■ Source records
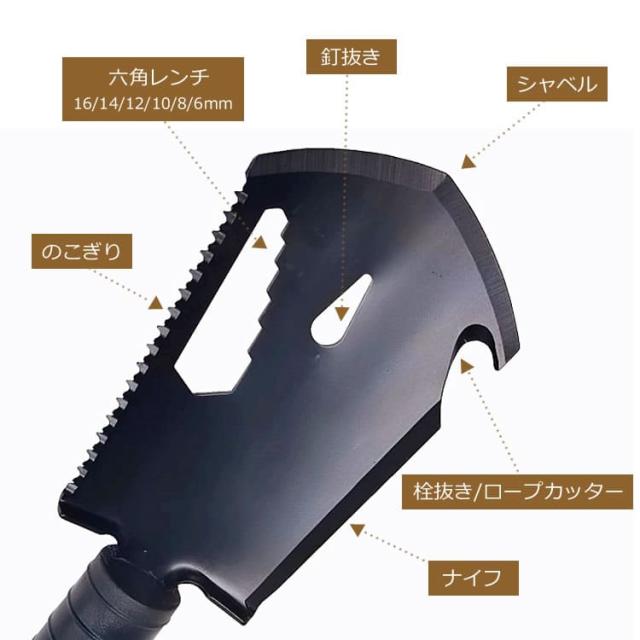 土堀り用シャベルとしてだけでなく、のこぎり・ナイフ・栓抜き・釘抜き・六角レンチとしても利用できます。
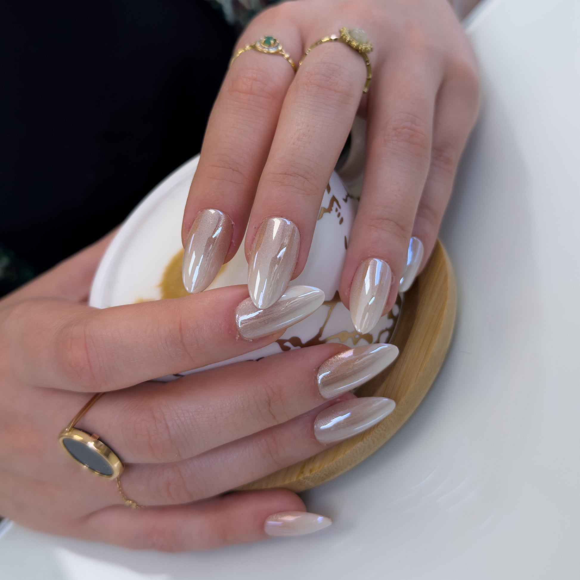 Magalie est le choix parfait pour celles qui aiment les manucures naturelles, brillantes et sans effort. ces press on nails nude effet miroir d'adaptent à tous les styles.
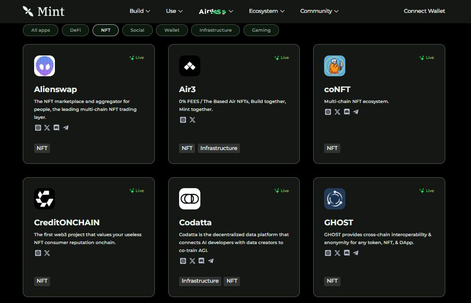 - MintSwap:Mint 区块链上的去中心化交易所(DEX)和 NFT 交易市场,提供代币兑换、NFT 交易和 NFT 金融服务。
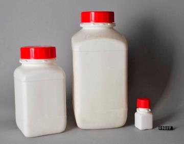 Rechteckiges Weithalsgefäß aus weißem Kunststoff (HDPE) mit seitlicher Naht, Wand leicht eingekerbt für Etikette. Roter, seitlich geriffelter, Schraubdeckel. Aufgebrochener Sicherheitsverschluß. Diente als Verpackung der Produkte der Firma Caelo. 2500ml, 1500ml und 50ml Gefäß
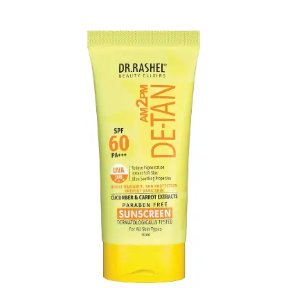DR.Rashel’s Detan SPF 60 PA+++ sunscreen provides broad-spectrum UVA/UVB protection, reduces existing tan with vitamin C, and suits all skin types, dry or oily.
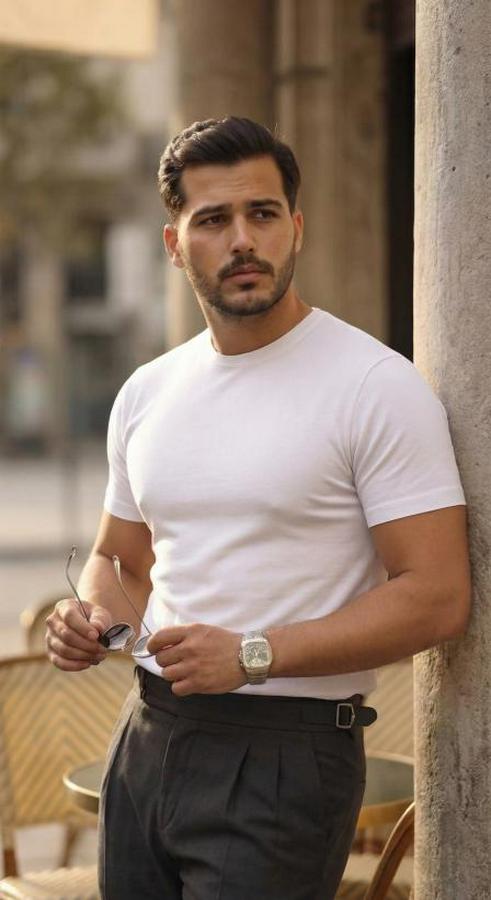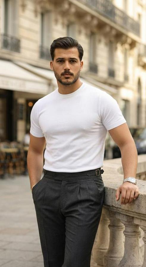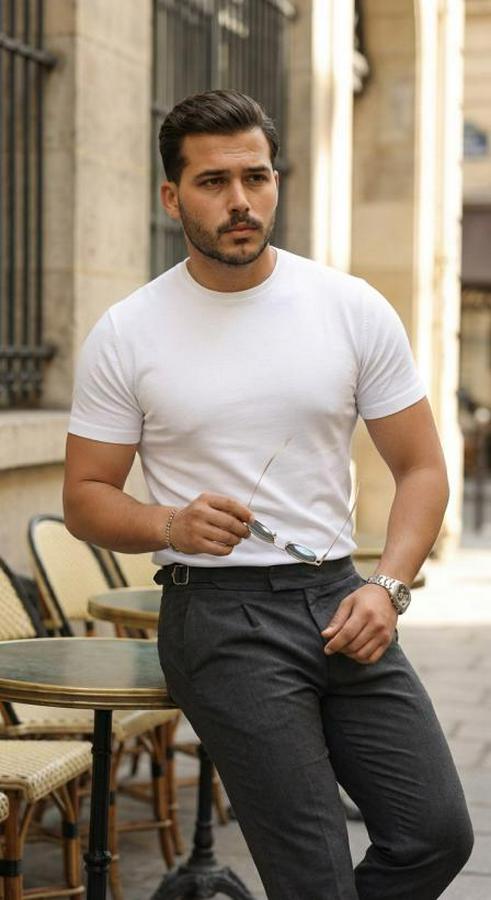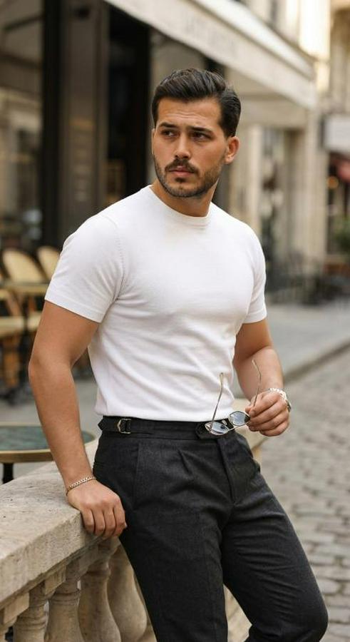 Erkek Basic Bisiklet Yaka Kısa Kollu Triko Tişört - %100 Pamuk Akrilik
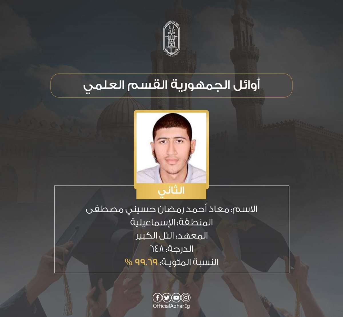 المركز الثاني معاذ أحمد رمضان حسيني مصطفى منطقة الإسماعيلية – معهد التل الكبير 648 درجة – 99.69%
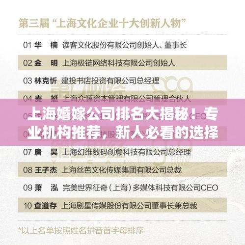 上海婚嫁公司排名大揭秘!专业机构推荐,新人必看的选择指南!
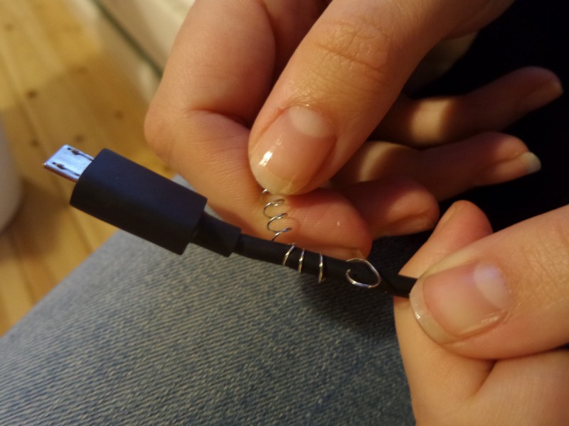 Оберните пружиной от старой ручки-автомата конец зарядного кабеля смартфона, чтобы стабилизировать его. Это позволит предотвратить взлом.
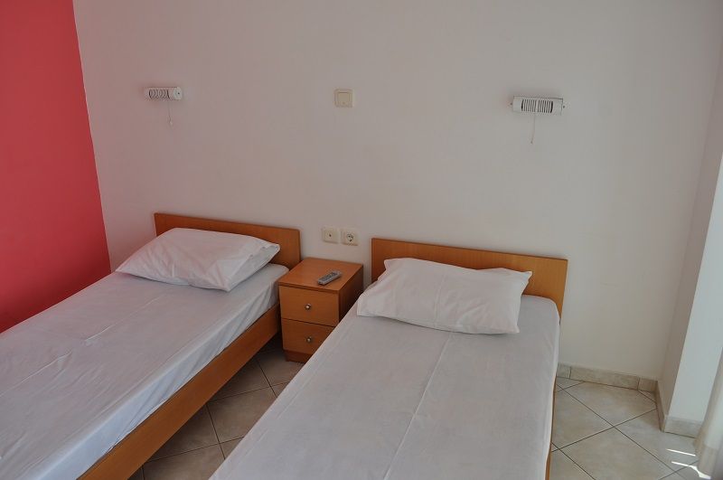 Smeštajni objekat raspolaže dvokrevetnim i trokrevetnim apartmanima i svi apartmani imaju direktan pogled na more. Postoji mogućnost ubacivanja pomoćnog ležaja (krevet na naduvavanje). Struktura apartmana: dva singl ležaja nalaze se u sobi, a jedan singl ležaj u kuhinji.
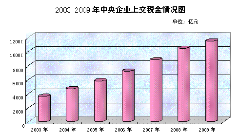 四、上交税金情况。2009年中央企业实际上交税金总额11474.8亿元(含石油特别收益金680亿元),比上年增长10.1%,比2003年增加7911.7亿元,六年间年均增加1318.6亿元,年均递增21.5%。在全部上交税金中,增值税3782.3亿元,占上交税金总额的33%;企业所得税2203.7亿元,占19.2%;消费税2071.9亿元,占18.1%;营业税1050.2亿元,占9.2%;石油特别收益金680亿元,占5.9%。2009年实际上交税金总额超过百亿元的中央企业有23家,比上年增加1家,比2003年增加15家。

■ Exercise
Set the data above down again exactly as given, with no pictures.

■ Output of the task
 土堀り用シャベルとしてだけでなく、のこぎり・ナイフ・栓抜き・釘抜き・六角レンチとしても利用できます。
 Magalie est le choix parfait pour celles qui aiment les manucures naturelles, brillantes et sans effort. ces press on nails nude effet miroir d'adaptent à tous les styles.
 - MintSwap:Mint 区块链上的去中心化交易所(DEX)和 NFT 交易市场,提供代币兑换、NFT 交易和 NFT 金融服务。
 Rechteckiges Weithalsgefäß aus weißem Kunststoff (HDPE) mit seitlicher Naht, Wand leicht eingekerbt für Etikette. Roter, seitlich geriffelter, Schraubdeckel. Aufgebrochener Sicherheitsverschluß. Diente als Verpackung der Produkte der Firma Caelo. 2500ml, 1500ml und 50ml Gefäß
DR.Rashel’s Detan SPF 60 PA+++ sunscreen provides broad-spectrum UVA/UVB protection, reduces existing tan with vitamin C, and suits all skin types, dry or oily.
 Erkek Basic Bisiklet Yaka Kısa Kollu Triko Tişört - %100 Pamuk Akrilik
 المركز الثاني معاذ أحمد رمضان حسيني مصطفى منطقة الإسماعيلية – معهد التل الكبير 648 درجة – 99.69%
 上海婚嫁公司排名大揭秘!专业机构推荐,新人必看的选择指南!
 Оберните пружиной от старой ручки-автомата конец зарядного кабеля смартфона, чтобы стабилизировать его. Это позволит предотвратить взлом.
 Smeštajni objekat raspolaže dvokrevetnim i trokrevetnim apartmanima i svi apartmani imaju direktan pogled na more. Postoji mogućnost ubacivanja pomoćnog ležaja (krevet na naduvavanje). Struktura apartmana: dva singl ležaja nalaze se u sobi, a jedan singl ležaj u kuhinji.
 四、上交税金情况。2009年中央企业实际上交税金总额11474.8亿元(含石油特别收益金680亿元),比上年增长10.1%,比2003年增加7911.7亿元,六年间年均增加1318.6亿元,年均递增21.5%。在全部上交税金中,增值税3782.3亿元,占上交税金总额的33%;企业所得税2203.7亿元,占19.2%;消费税2071.9亿元,占18.1%;营业税1050.2亿元,占9.2%;石油特别收益金680亿元,占5.9%。2009年实际上交税金总额超过百亿元的中央企业有23家,比上年增加1家,比2003年增加15家。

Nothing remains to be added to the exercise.